### [Aim of the task]
Copy, please, the line with "廣漢客戶的在我司訂購的3500T四柱液壓機交貨啦,送至客戶工廠安裝調試。" and each line that follows it through the end of the data below, exactly as given and without pictures.

### [Available records]
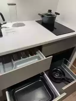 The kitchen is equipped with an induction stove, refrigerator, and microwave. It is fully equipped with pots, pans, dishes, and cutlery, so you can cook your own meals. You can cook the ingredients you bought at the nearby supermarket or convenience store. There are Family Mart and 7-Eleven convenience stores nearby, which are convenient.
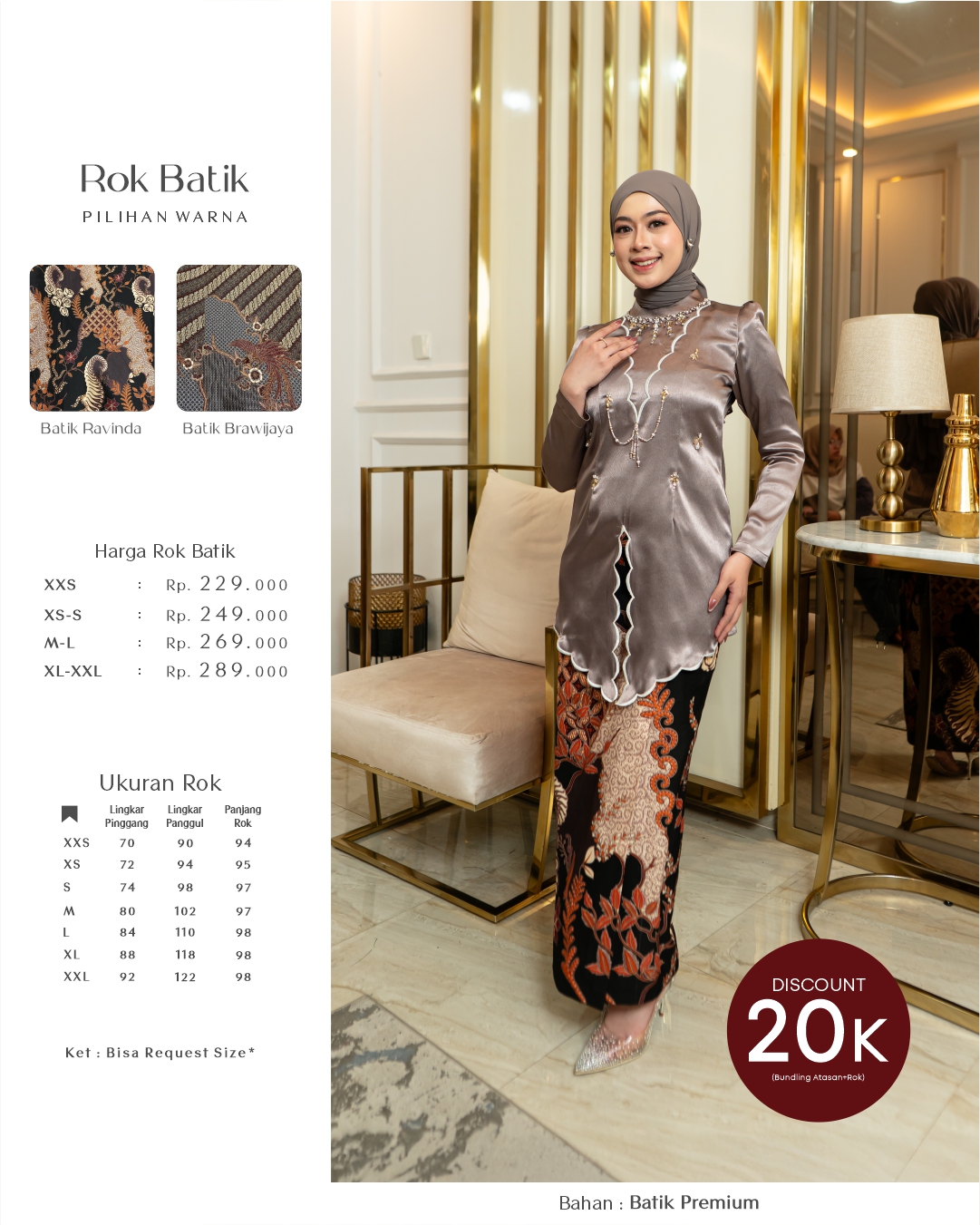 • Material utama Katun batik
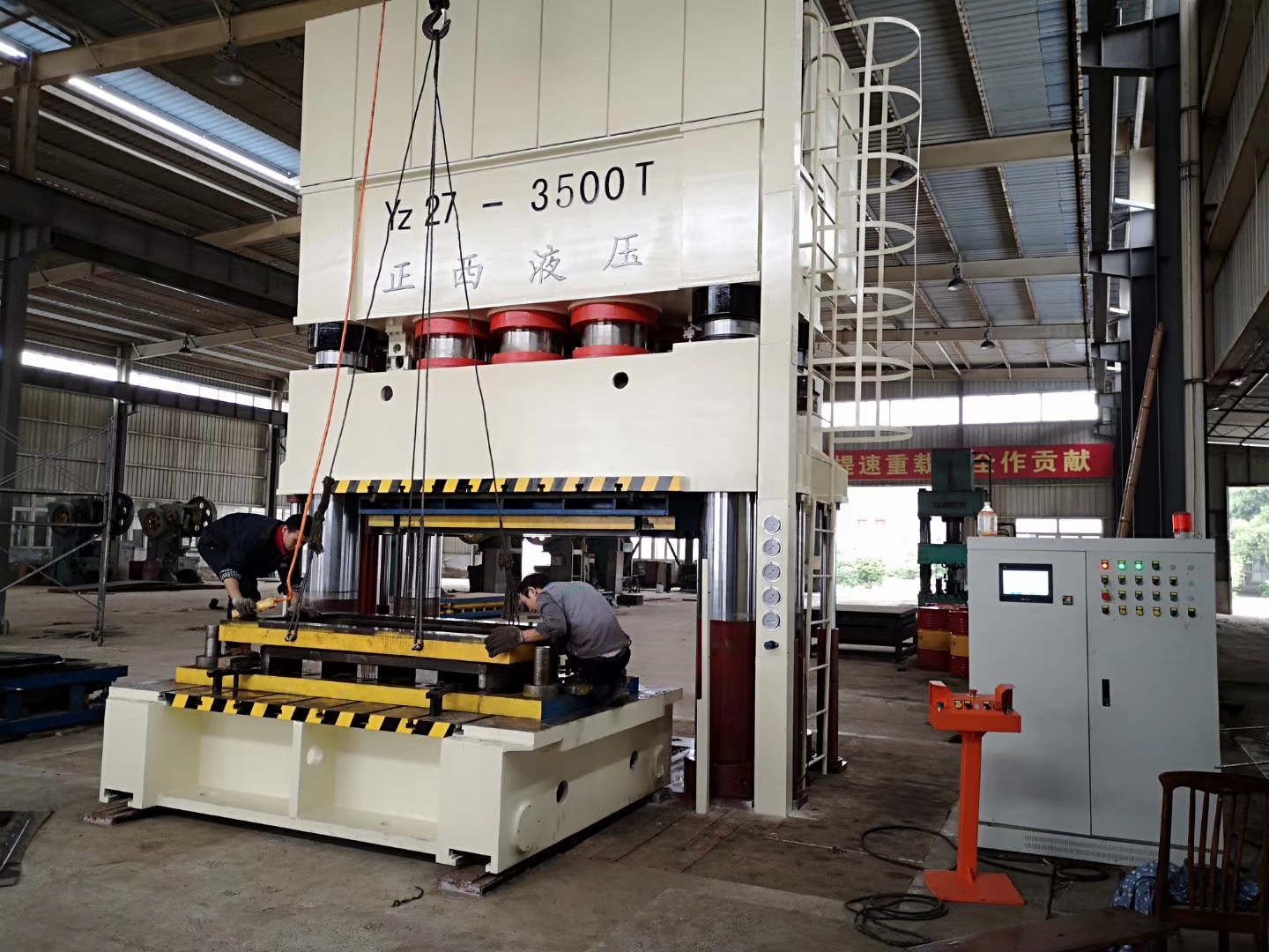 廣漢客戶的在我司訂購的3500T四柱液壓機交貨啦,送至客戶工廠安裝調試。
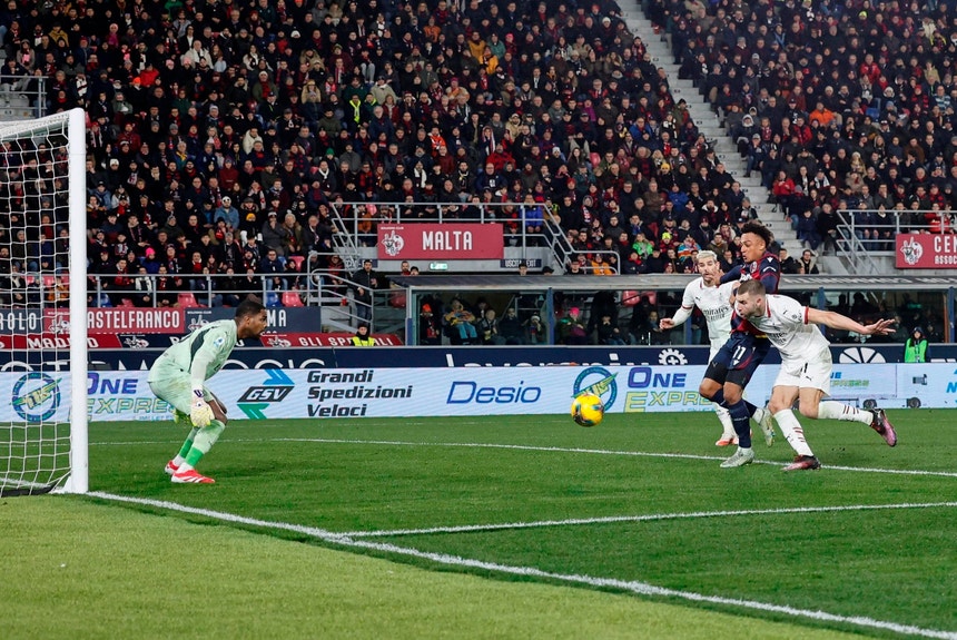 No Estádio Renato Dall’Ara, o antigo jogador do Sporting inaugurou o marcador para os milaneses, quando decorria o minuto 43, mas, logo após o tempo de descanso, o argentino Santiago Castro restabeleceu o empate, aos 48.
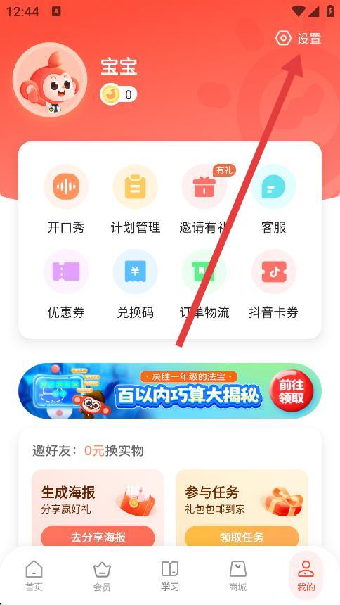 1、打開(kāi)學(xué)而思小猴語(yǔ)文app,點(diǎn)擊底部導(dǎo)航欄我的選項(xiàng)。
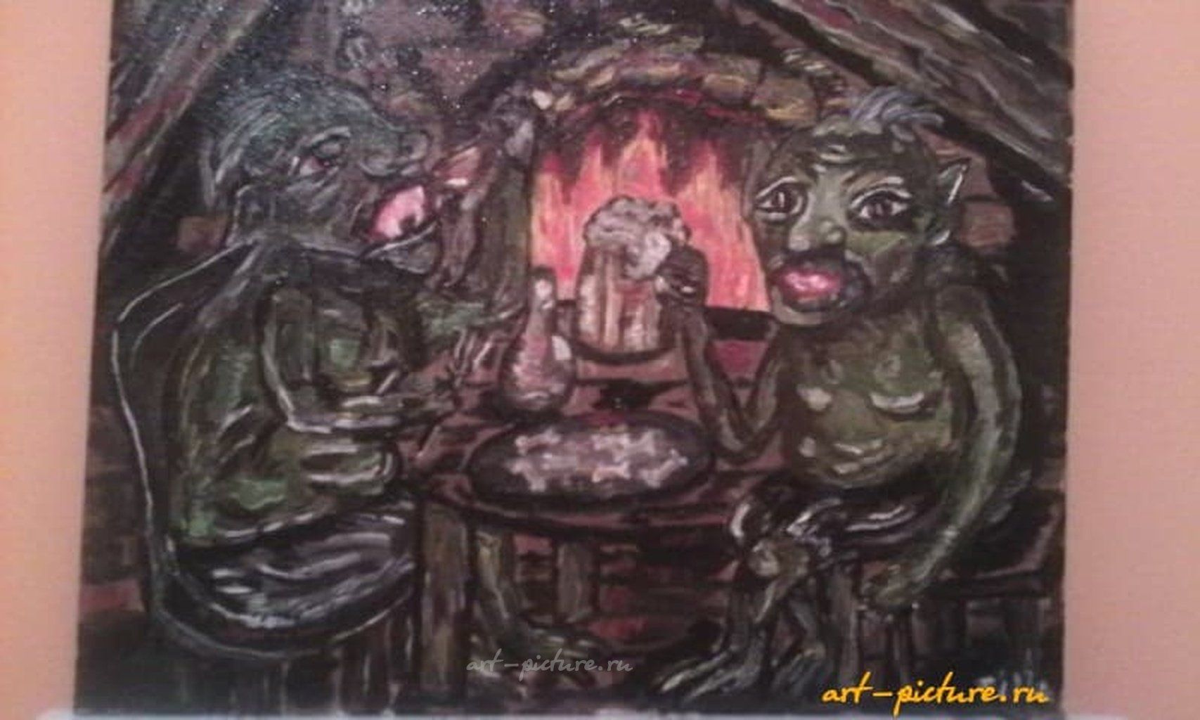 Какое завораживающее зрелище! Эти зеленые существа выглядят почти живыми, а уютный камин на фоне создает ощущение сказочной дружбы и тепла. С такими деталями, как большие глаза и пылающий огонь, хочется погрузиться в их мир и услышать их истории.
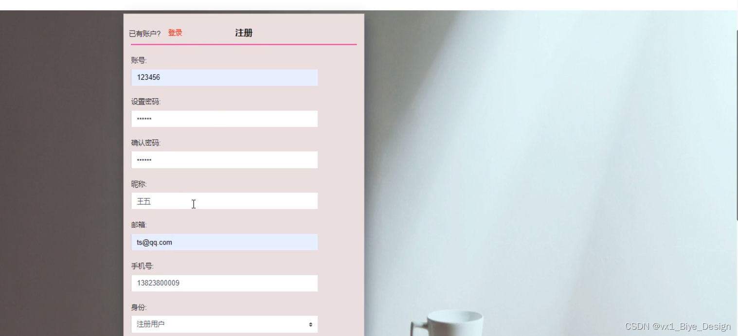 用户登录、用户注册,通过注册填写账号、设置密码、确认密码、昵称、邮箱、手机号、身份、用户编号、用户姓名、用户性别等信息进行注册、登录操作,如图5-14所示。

### [Solved problem]
 廣漢客戶的在我司訂購的3500T四柱液壓機交貨啦,送至客戶工廠安裝調試。
 No Estádio Renato Dall’Ara, o antigo jogador do Sporting inaugurou o marcador para os milaneses, quando decorria o minuto 43, mas, logo após o tempo de descanso, o argentino Santiago Castro restabeleceu o empate, aos 48.
 1、打開(kāi)學(xué)而思小猴語(yǔ)文app,點(diǎn)擊底部導(dǎo)航欄我的選項(xiàng)。
 Какое завораживающее зрелище! Эти зеленые существа выглядят почти живыми, а уютный камин на фоне создает ощущение сказочной дружбы и тепла. С такими деталями, как большие глаза и пылающий огонь, хочется погрузиться в их мир и услышать их истории.
 用户登录、用户注册,通过注册填写账号、设置密码、确认密码、昵称、邮箱、手机号、身份、用户编号、用户姓名、用户性别等信息进行注册、登录操作,如图5-14所示。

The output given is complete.